**Dataset entries:**
-*-*-

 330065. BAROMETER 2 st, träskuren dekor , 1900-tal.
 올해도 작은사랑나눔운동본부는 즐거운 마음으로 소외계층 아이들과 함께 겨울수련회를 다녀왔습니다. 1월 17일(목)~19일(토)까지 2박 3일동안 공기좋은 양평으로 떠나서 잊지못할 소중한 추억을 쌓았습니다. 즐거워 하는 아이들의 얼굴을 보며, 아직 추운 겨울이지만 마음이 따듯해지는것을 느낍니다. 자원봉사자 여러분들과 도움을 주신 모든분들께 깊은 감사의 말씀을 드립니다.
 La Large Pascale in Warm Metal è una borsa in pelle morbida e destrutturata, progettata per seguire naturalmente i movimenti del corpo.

-*-*-

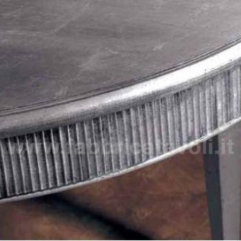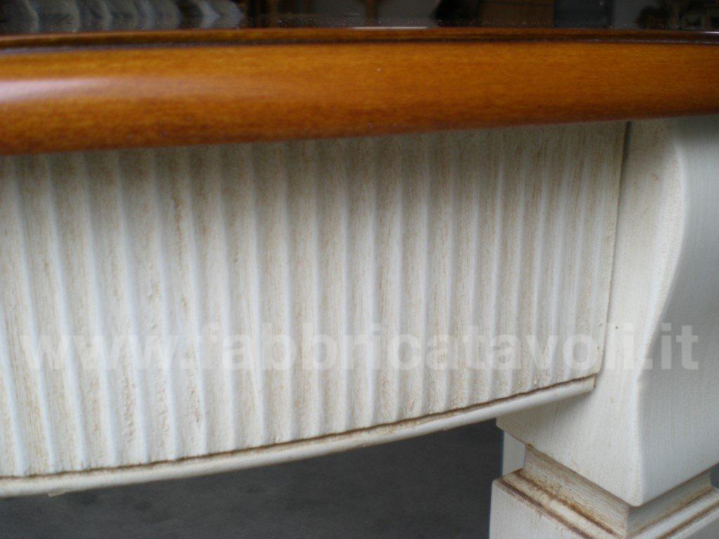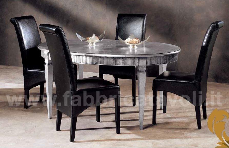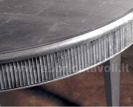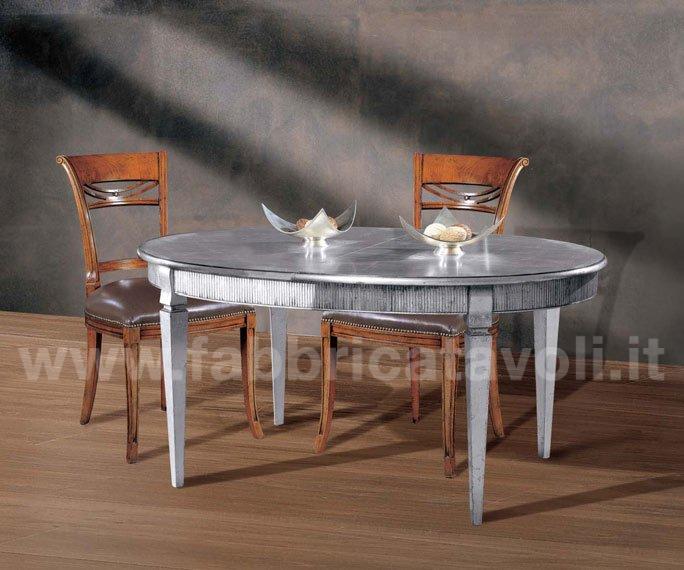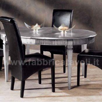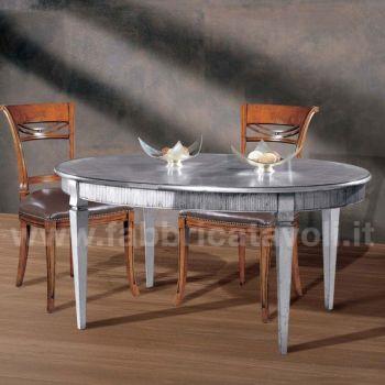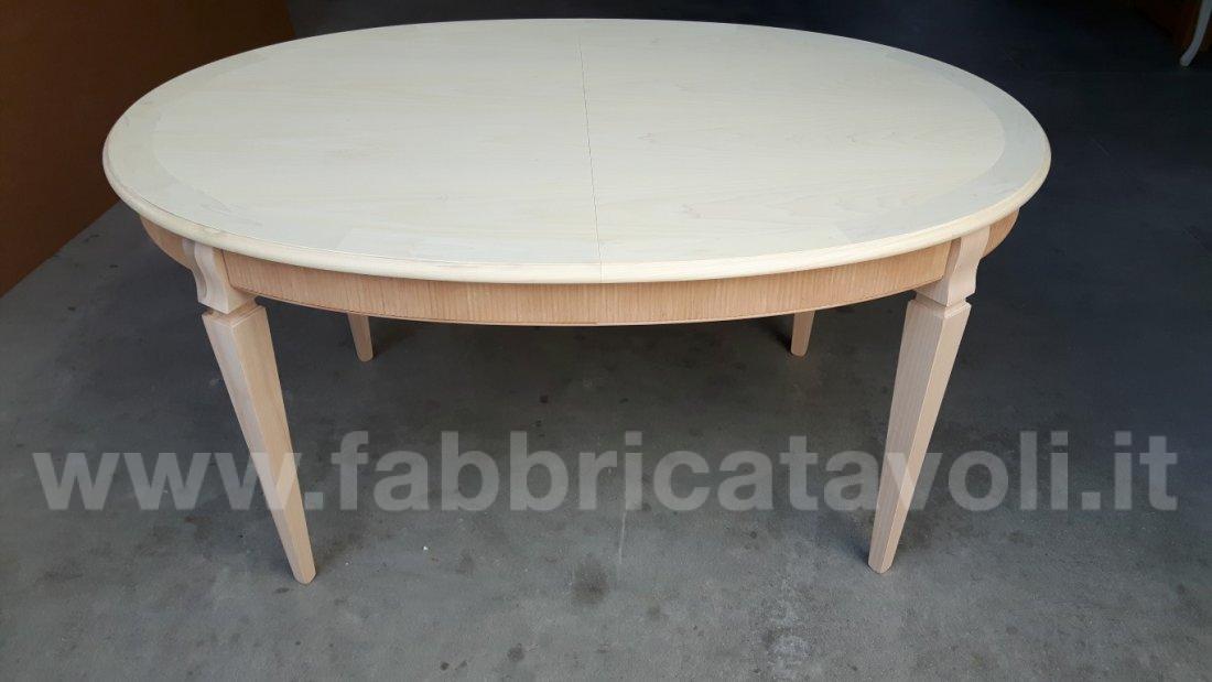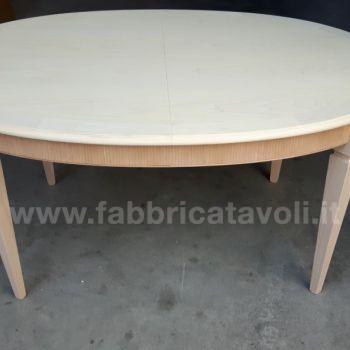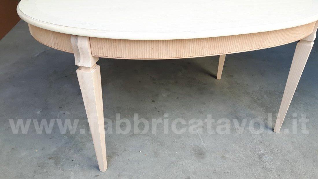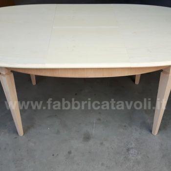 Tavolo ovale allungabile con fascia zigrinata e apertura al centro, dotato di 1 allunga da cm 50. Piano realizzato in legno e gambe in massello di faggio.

-*-*-

**Brief:** Of the entries listed above, reproduce only the lines starting at the line containing "330065. BAROMETER 2" and ending at the line containing "La Large Pascale". Include both, exactly as they stand.

**Solution to this task:**
 330065. BAROMETER 2 st, träskuren dekor , 1900-tal.
 올해도 작은사랑나눔운동본부는 즐거운 마음으로 소외계층 아이들과 함께 겨울수련회를 다녀왔습니다. 1월 17일(목)~19일(토)까지 2박 3일동안 공기좋은 양평으로 떠나서 잊지못할 소중한 추억을 쌓았습니다. 즐거워 하는 아이들의 얼굴을 보며, 아직 추운 겨울이지만 마음이 따듯해지는것을 느낍니다. 자원봉사자 여러분들과 도움을 주신 모든분들께 깊은 감사의 말씀을 드립니다.
 La Large Pascale in Warm Metal è una borsa in pelle morbida e destrutturata, progettata per seguire naturalmente i movimenti del corpo.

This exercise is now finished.